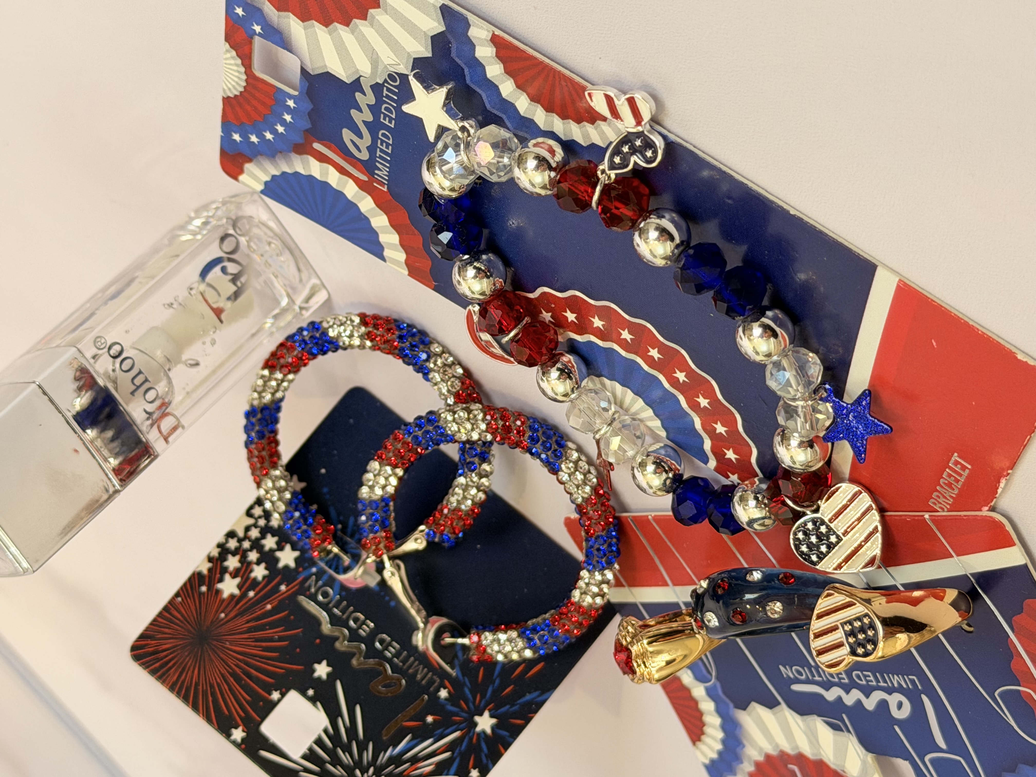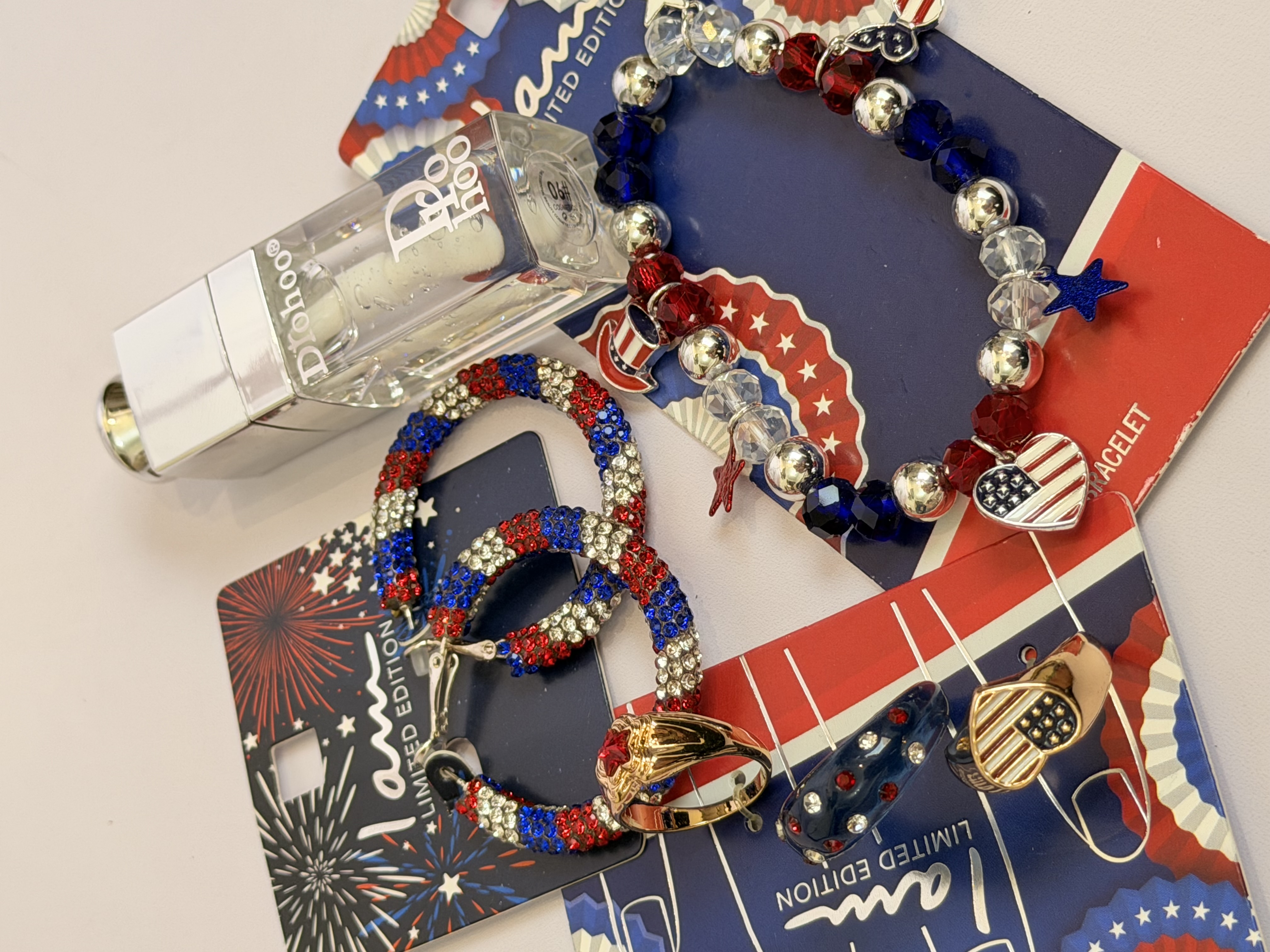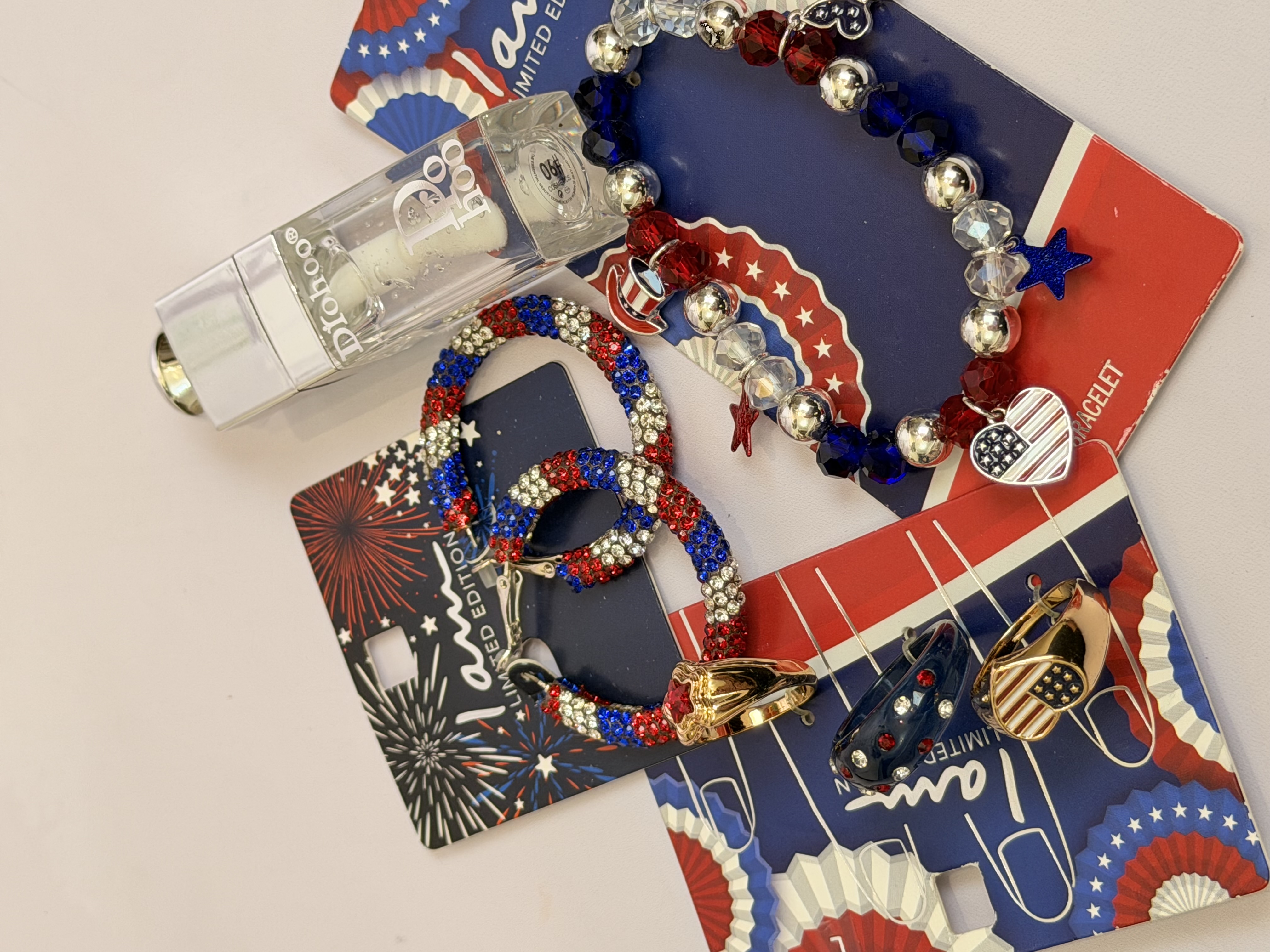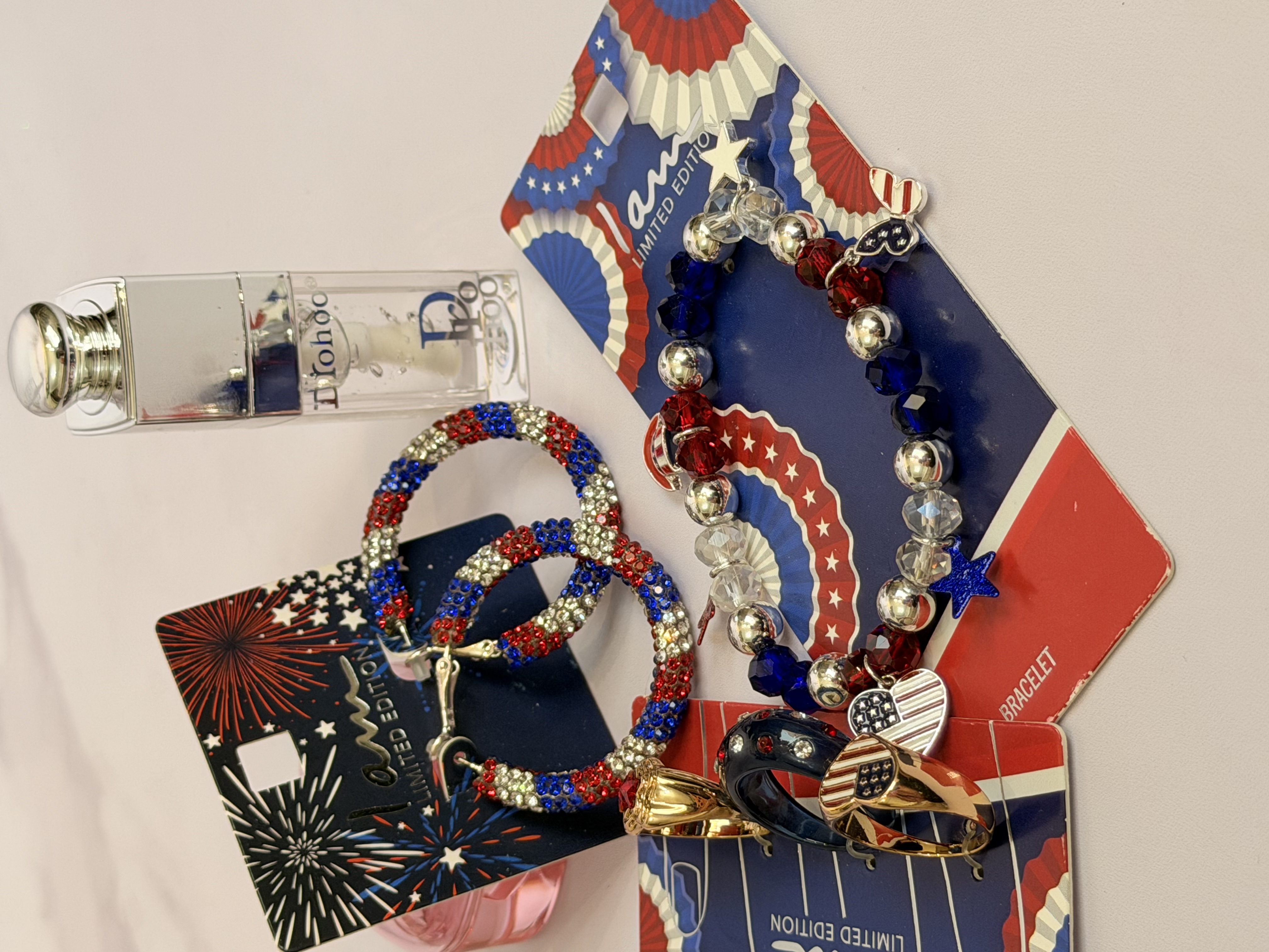 ست کامل زیورآلات مدل پرچم امریکا | پک دستبند انگشتر گوشواره + برق لب طرح Dior هدیه خاص دخترانه
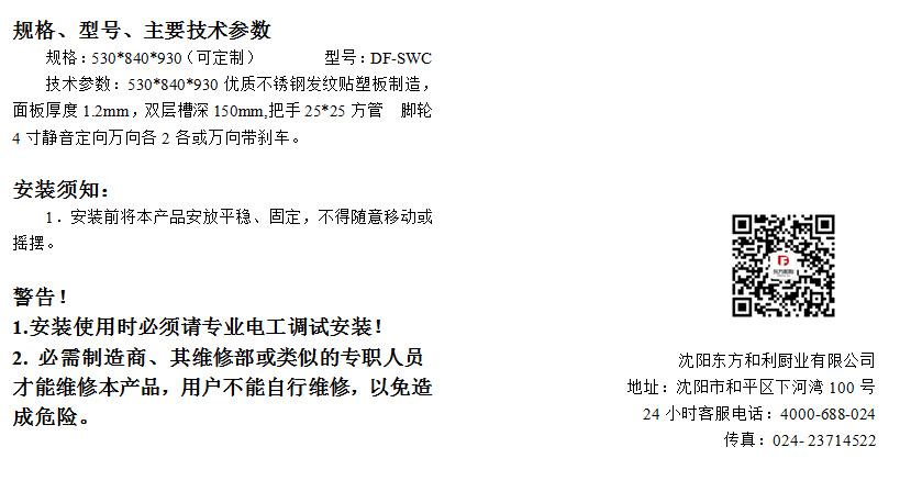 沈阳东方和利厨业有限公司 销售服务电话15309880999
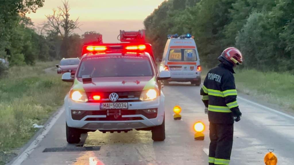 Accident în lanț în nordul Timișoarei. O persoană a ajuns la spital
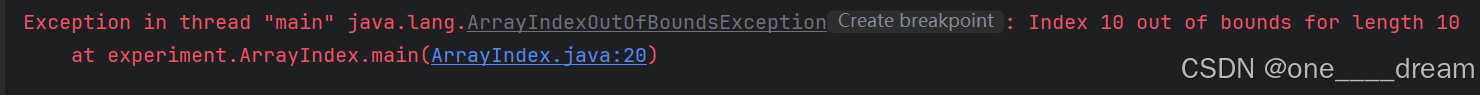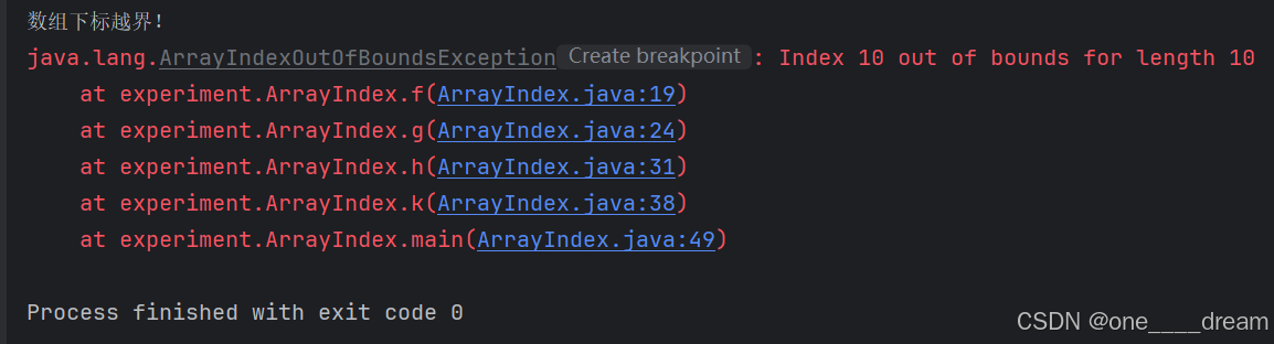 可以看到,程序出现了一个ArrayIndexOutOfBoundsException异常,这是因为长度为10的数组下标范围为0-9,而我对a[10]做了赋值,因此下标越界,此时产生的异常没有相应的处理程序,整个程序终止。
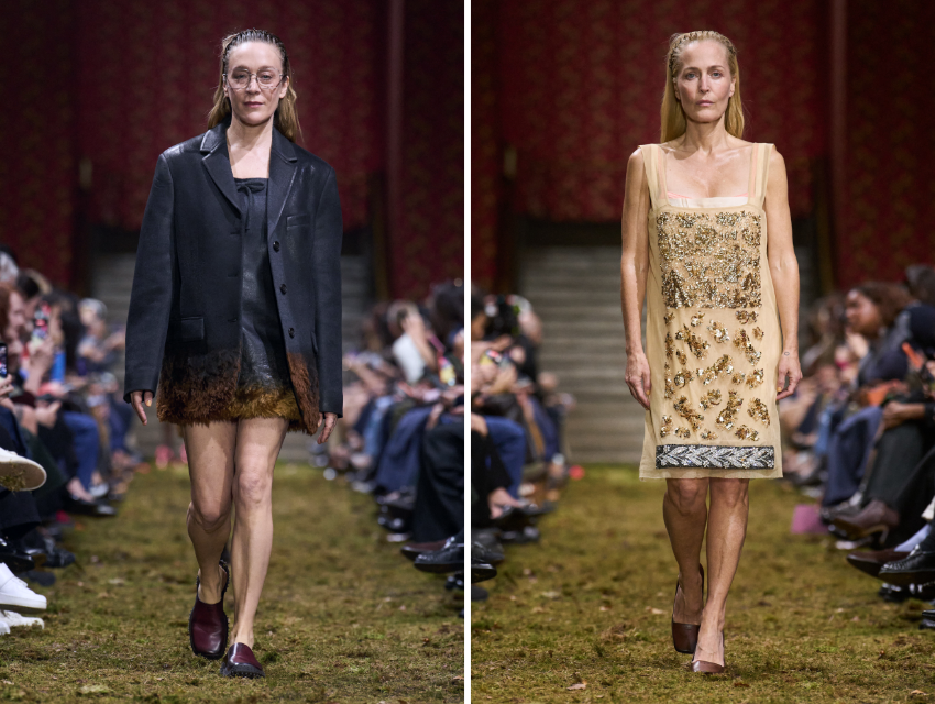Bu sezon yalnızca modeller değil, farklı disiplinlerden gelen isimler de podyumdaydı. Gillian Anderson ve Chloë Sevigny gibi figürlerin Miu Miu defilesinde yer alması ya da Carolina Herrera’da sanatçıların podyuma çıkması, temsil meselesini daha geniş bir çerçeveye taşıyor.
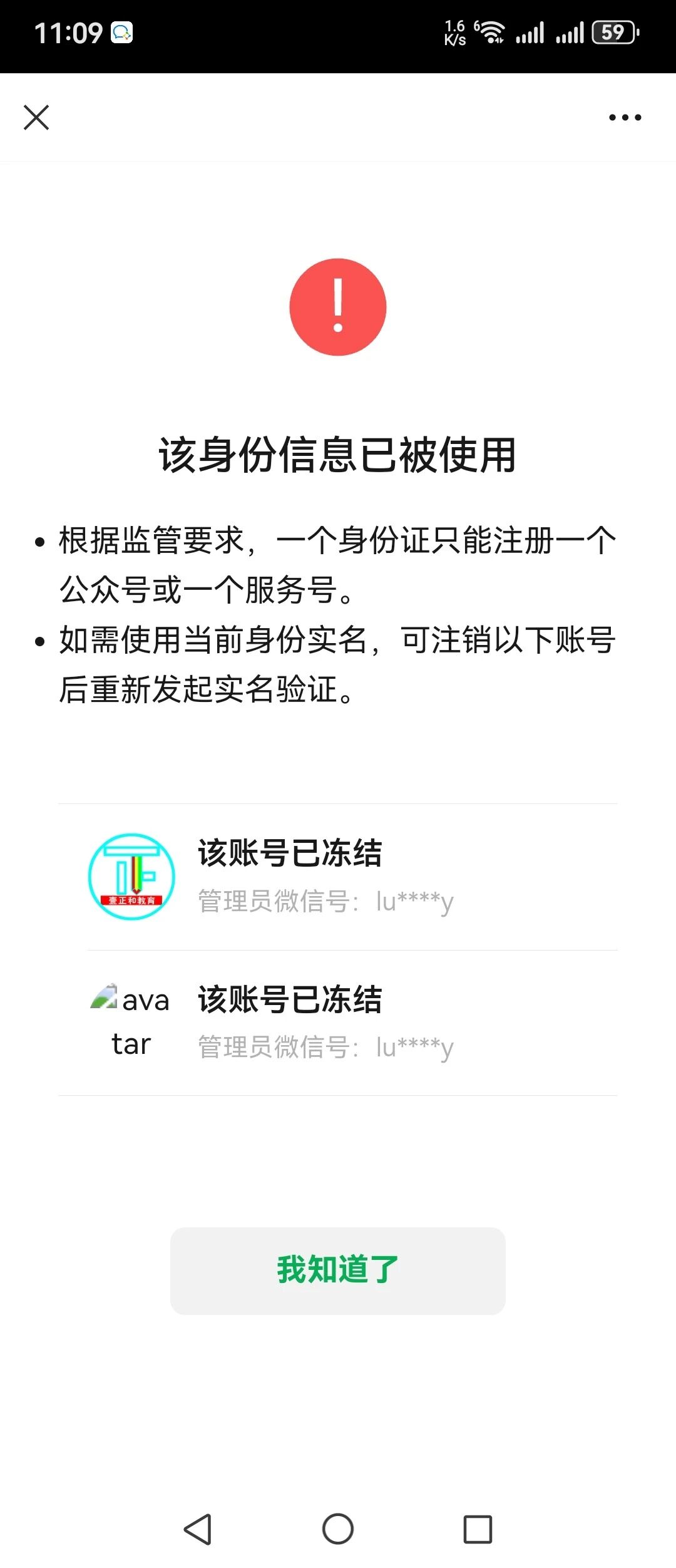 上面显示身份信息被使用需要注销原来的账号,而原来的账号的管理员已经收获去世好几年了,根本没有办法联系。请问我这样的情况怎么去注销?怎么做公众号的实名认证?
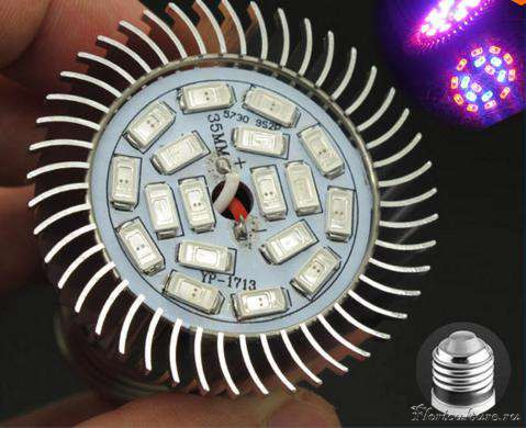 Лично я заказал на eBay светодиоды полного спектра (светодиоды УСКИ). Их спектр включет (кроме красного и синего) инфракрасное, УФ излучение,по чуть-чуть зелёного и жёлтого (светят красно-синим светом как и фитолампы) и имеет пики на необходимых растениям частотах.
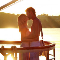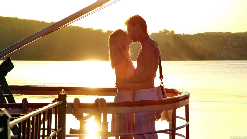 an intimate moment. They are standing close together, possibly on the bow of a boat or docking area by water. The sun is setting, casting
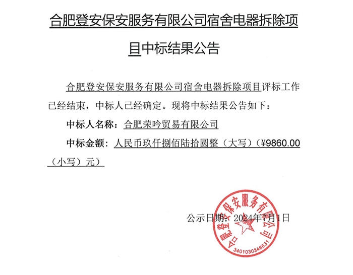 合肥登安保安服务有限公司宿舍电器拆除项目中标结果公告
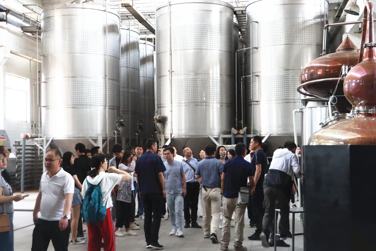 釀造車間,酒香馥郁,觀摩團(tuán)一行深入生產(chǎn)車間一線,品嘗了醇香濃郁的原漿酒。

|---|

_WHAT THE TASK REQUIRES_: Everything from the first line of the records through the line containing "Accident în lanț" should be repeated exactly, with the pictures left out.

_OUTPUT FOR THIS EXERCISE_:
 ست کامل زیورآلات مدل پرچم امریکا | پک دستبند انگشتر گوشواره + برق لب طرح Dior هدیه خاص دخترانه
 沈阳东方和利厨业有限公司 销售服务电话15309880999
 Accident în lanț în nordul Timișoarei. O persoană a ajuns la spital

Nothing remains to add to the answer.